Oh well now, isn’t that special?

I don’t know how I didn’t know this.  I really don’t.  I’m slipping in the “know-everything-about-current-events category.”  What can I say?  What can I say.

Oh yes.  Well, for starters, we are all about the holidays here.  ALL about them.  So it’s holidays, holidays, holidays 24/7 here.  Which gets difficult around about school time.  I don’t know how many more times I can give the “you don’t know how good you have it, how lucky you are” lecture.  The one that goes something like this:  “you do realize that you would have already been up since 6 a.m. and on the bus for over an hour and at school for approximately three hours already and we’re just getting started.”  (EDITOR’S NOTE:  do NOT pass along that tidbit of information, I repeat, do NOT.  I have enough of a complex about making sure we get in enough school hours during the day to add worrying about the entire universe judging when we start school.)  Anyhoo.  The lecture gets tedious and I have to put it on at least once a week lately.  And that is SOOOOOO annoying.  To her too I am gathering, as this last time I started in, she immediately sat up straight, folded her hands in front of her on the counter, put a contrite smile on her face and said “please don’t mom, I got it.”  I stopped mid-sentence and said “What?”  (Sometimes I am a woman of few words.  Sometimes.)  She then, ever so sweetly, said to me, “Mom.  I don’t want to hear another lecture about you putting me on the bus and sending me to school.”   Ha ha.  Funny girl that one.
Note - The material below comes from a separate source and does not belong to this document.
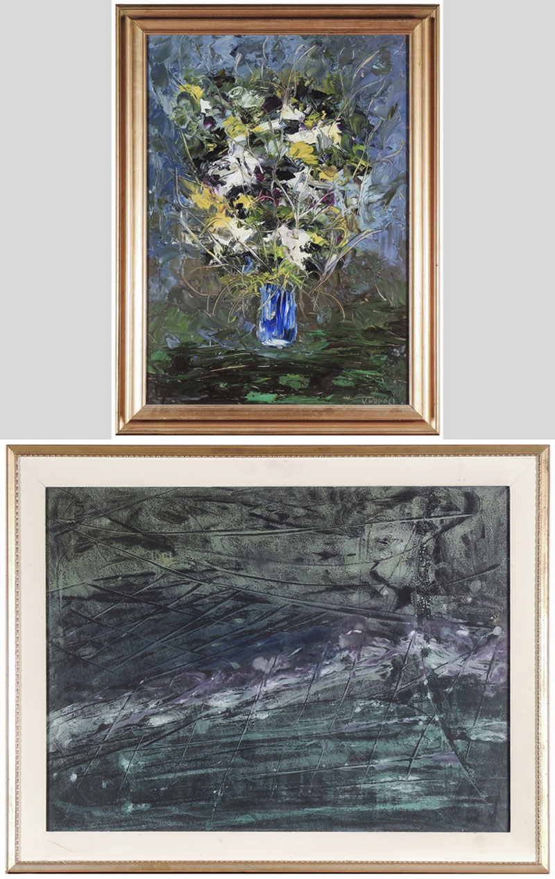 VINCENZO NAPOLI Vaso con fiori Paesaggio Sardo olio su faesite e tecnica mista su carta, uno firmato, in cornice cm 70x50 e cm 43x61 FLOWERS IN A VASE AND SARDINIAN LANDSCAPE, OIL ON FAESITE AND MIXED MEDIA ON PAPER
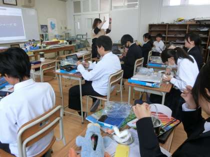 美術室に1年生の皆さんがやってきました。これから「ランプシェード」の制作が始まります。まずは先生から受け取った教材の各パーツが揃っているかを確かめます。これから立体(造形)作品の制作がスタートします。どんな作品が出来上がるか楽しみですね。

Regardless, the holidays are interfering with the schooldays and what can I say?  I myself would much rather create exquisite new decorations and gifts and bake deliciously bad-for-us cookies and whatnot, than figure out how to diagram a sentence with indirect objects and prepositional phrases that act like adjective phrases.  (I kid you not, that is what we are doing.  Ick.)
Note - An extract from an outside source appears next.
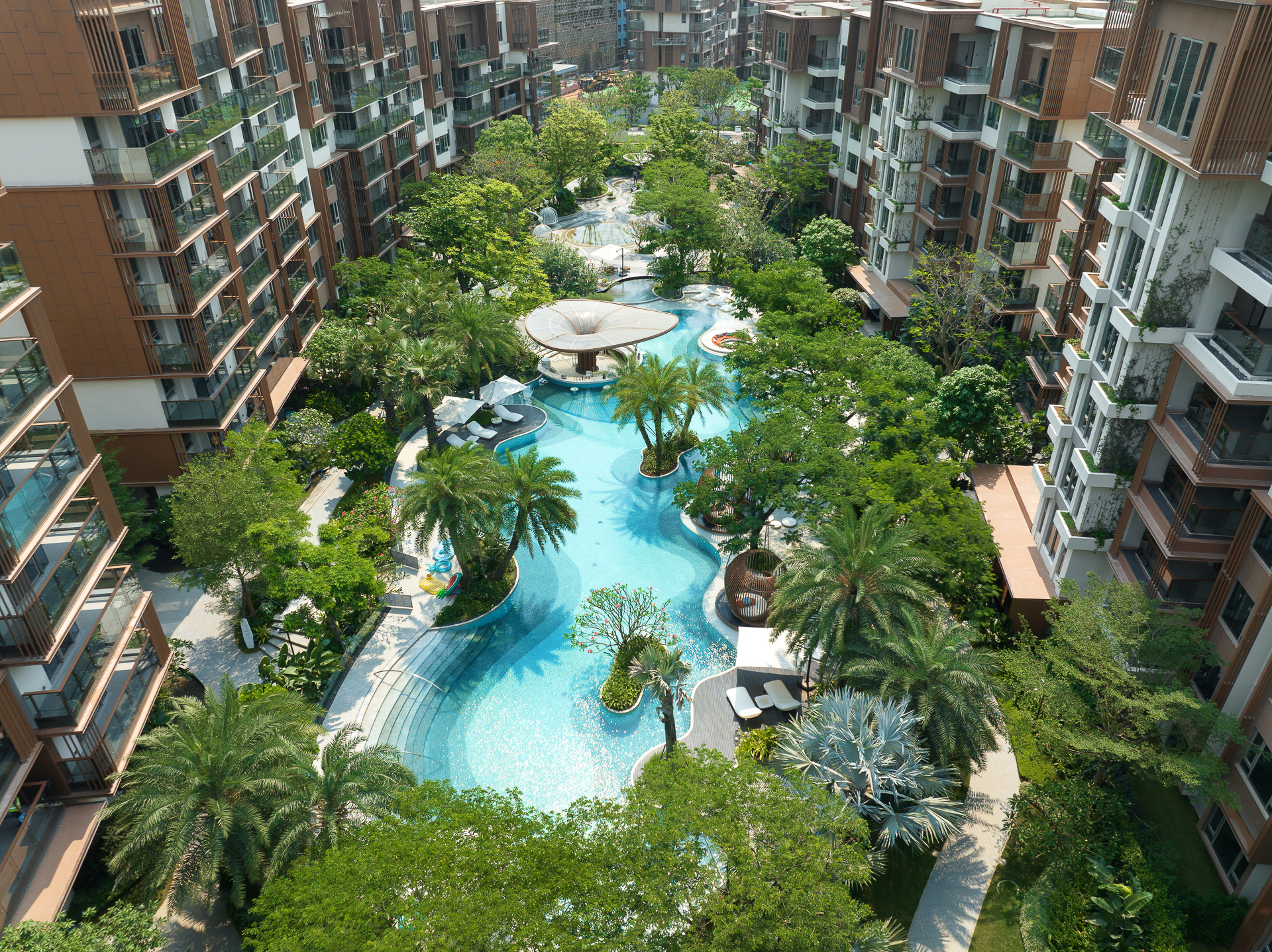 项目以“漂浮的绿洲”为设计概念,模拟自然,创造热带自然生态系统为基底,把热带风情,水的律动以及度假感受有机的结合起来。大环线功能链接整体规划,实现引水入城,临水而居的空间布局。建筑,绿地和水系交融共生。项目从艺术、在地、自然风貌各方面不断创新与突破,在特色植物空间的营造、在地艺术的符号表达以及社群场景的融入寻找切入点,打造兼具国际视野与本土特色的高端滨水住宅景观。

So.  To make the short story REALLY long, that is why I am not up to date on current political events.  Oh yes and also too, we are playing our Christmas music instead of listening to the news all day.  (I was trying so hard to use the word “holidays” instead of Christmas because the dang truth is that Christmas arrived AFTER a lot of other holiday celebrations at this time of year and Christmas is not the ONLY holiday to celebrate.  We’re big about the Winter Solstice here, which actually predates Christmas by a few thousand millennia, at least.  So perhaps I should start using the word “Solstice.”)
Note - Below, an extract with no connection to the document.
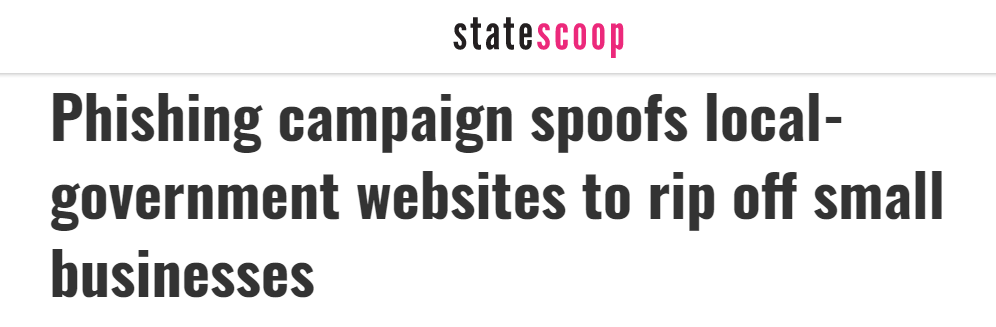 ▲Phishing campaign spoofs local-government websites to rip off small businesses (via statescoop)

Good grief I can digress like no one else I know.  Well, except maybe my mother.  (Love you mom.)  Anyhoo.  Let me sum up:  current events–nada, holiday extravaganza–beaucoup (mucho, lots).

So I missed this really special thing.

Hot off the wire tonight was the headline “CRISIS AVERTED.”  I was so intrigued I just had to read further.   And get this!!  Along with the headline was a picture of my favorite imagined zombie dude Mr. John Boehner himself.  (He didn’t look very undead-like, but was all smiley and such.)  That REALLY intrigued me.  So I read a bit more and lo and behold there was a teeny, tiny, eensy, weensy, little spending bill that got passed (to the tune of 1.1 trillion dollars, which is mucho dinero) at close to the nth hour, avoiding–wait for it–yep, you guessed it, a gubmint shutdown.  Lawdy, lawdy.  Another cliffhanger, right up to the wire, 11th hour (just ran out of trite phrases) deal that kept the machinery oiled for another day.  Or two or three.  I mean seriously.  That’s a hunk of change.  That surely must buy us a lot of days of government work.  Right?

I was flummoxed, flabbergasted, bewildered by the fact that I completely and totally missed the fact that a CRISIS was looming on the horizon.  And was AVERTED.  Lord love a duck but ain’t that special?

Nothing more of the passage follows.